Home Mt Laurel News In our opinion: Delay judgement of the teachers

In our opinion: Delay judgement of the teachers

If you have a child in public school, chances are that you are well-informed as to what the Partnership for Assessment of Readiness for College and Careers, or PARCC, is.

As a quick refresher, it’s a new online platform that students in grades four through eight will take instead of their former state standardized tests. PARCC aligns with the new Common Core State Standards, which has more rigorous benchmarks for student learning.

No longer will students take the traditional tests we grew up with — a Scantron form that we used a №2 pencil to complete. Instead, students will take math and language arts tests completely online.

PARCC testing begins in the fall at public schools throughout New Jersey, apparently whether local school districts are technologically ready for it or not. Some of the districts we cover in both Princeton and South Jersey have expressed concern about their readiness for administering the tests.

That’s a problem. But, as these same districts have said, they don’t have a choice. The PARCC testing is signed into state law, and there is no turning back at this point.

One of the more concerning aspects of PARCC, though, isn’t how it’s administered or the content of the tests themselves; it’s the fact that the results of the tests will be given major weight in the judgment of teachers and administrators.

The formula in place says student progress on state testing will make up 30 percent of an evaluation for teachers in grades four through eight. While we aren’t against using test results to judge teachers, at least in part, we don’t believe that now is the time to dive head-first into holding them accountable for testing for which their district might not be prepared.

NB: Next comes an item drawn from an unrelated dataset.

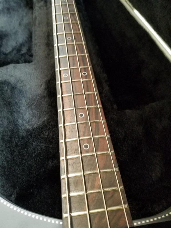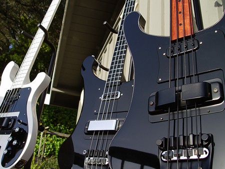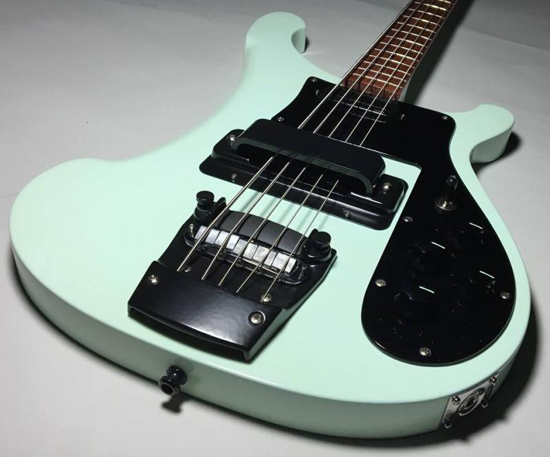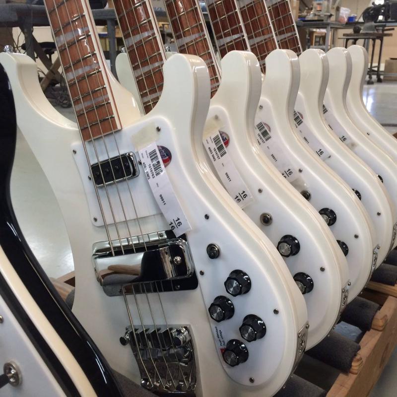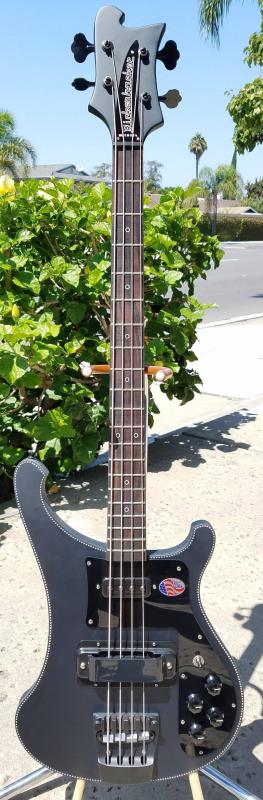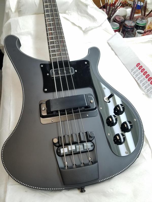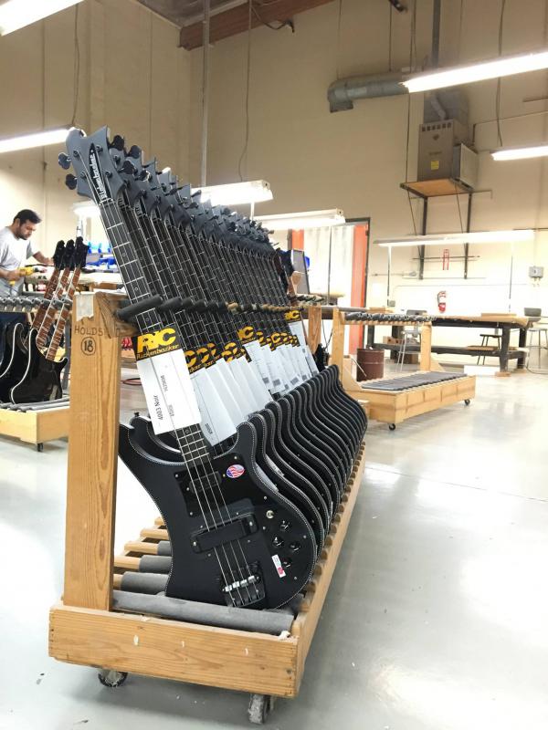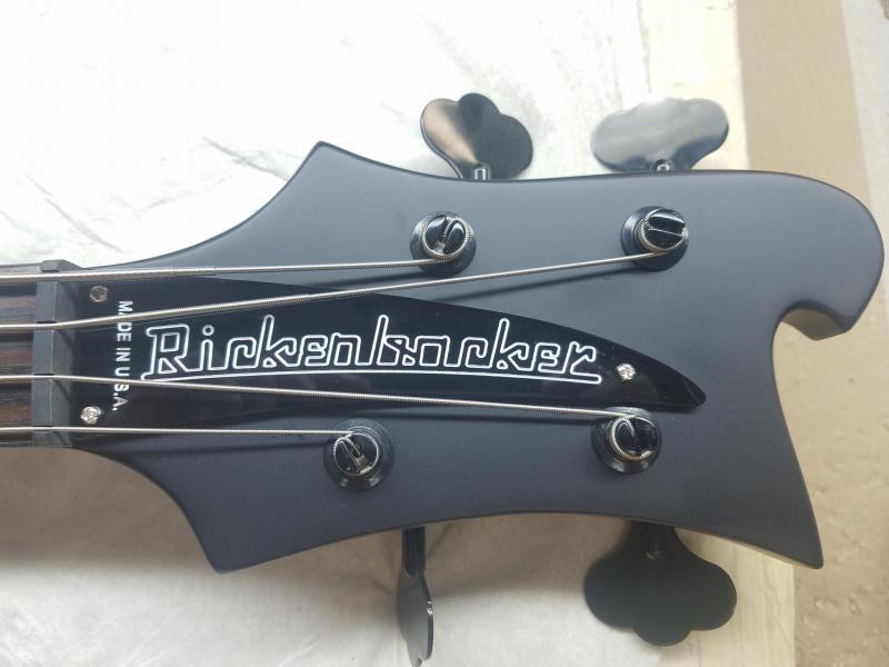 4003 "Noir" : finition mate, repères de touche spéciaux, filets checkerboard, accastillage noir mat, TRC noir, boutons vintage, touche en palissandre particulièrement foncé (souvent sur les Rickenbacker contemporaines, la touche tire un peu sur le rouge/rosé), sur celles rangées sur le râtelier on dirait même de l'ébène.

The state Assembly passed a bill last week that would delay this judgment on teachers until the kinks are ironed out. The state Senate delayed a vote, opting instead to wait for direction from Gov. Christie, who’s expected to issue an executive order reducing the weight of the test results in teacher evaluations in the short term.

We back this thinking 100 percent. Having some objective measurers such as test results to evaluate teachers is valuable.

In the past, all anyone had to go on was subjective matters. But giving such heavy weight to test results when there are so many issues surrounding the administration of that test is unfair.

It’s the state’s job to ensure its school districts are up to speed on PARCC before it starts using it against our teachers.